Stephanie Alexander: ‘I get enraged at the idea that to be healthy has become a trend’

Stephanie Alexander
Chef and cookbook author Stephanie Alexander near her house along the Yarra River in Melbourne’s inner suburbs: ‘I’m not just trying to be fashionable.’ Photograph: Eugene Hyland/The Guardian

“The single biggest problem with food, for people who don’t love good food, is anxiety,” says Stephanie Alexander as she nestles in a comfortable wicker armchair in the dappled light of her riverside garden.

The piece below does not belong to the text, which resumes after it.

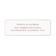 Essas etiquetas de endereço de retorno de casamento minimalistas e elegantes apresentam texto vermelho-escuro moderno em um fundo branco. Uma aparência simples e na moda.
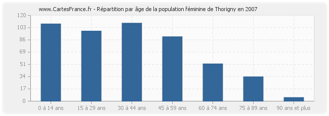 Répartition de la population féminine de Thorigny par âge en 2007 :

“They’re anxious about what’s good for them. They’re anxious about how much of it to eat or how not to eat it. They’re anxious about everything about it. They don’t feel comfortable handling it, they don’t feel comfortable starting to prepare it because they don’t know what to do with it … And that’s where The Cook’s Companion comes in, of course.”

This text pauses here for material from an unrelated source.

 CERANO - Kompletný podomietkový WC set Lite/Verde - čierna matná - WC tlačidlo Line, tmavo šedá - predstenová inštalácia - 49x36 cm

It’s been 30 years since the renowned Australian cook, restaurateur and author released her famous tome: nearly 1,400 pages of recipes from sauteed abalone to zucchini soufflé, and a one-stop kitchen resource covering everything from how to stop cut apples from going brown to the difference between fresh and dried yeast. In the intervening decades she’s been busy: she started a charity, was made an Officer of the Order of Australia, awarded a centenary medal, and, naturally, she released more cookbooks.

I tell her that my mother had a copy of The Cook’s Companion when I was a teenager. I called it the “rainbow bible”, and it was the first cookbook I bought for myself when I left home.

I’m not alone in telling Alexander such a story – she says it happens almost every day.

“I think people trust it and they trust me – that I’m not just trying to be fashionable,” Alexander says.

Earlier in our meeting, Alexander shows Guardian Australia the path that winds along the top of the bank of the Yarra River, past her fence. Her apartment garden is overlooked by the tall, gently rustling river gums, and situated a mere stone’s throw from the swiftly flowing water.

“I just love the fact that I look out on gum trees. I love the fact that I can get off the tram – busy, busy – walk through here and instantly feel that,” she sighs and her shoulders relax and the invisible weight lifts.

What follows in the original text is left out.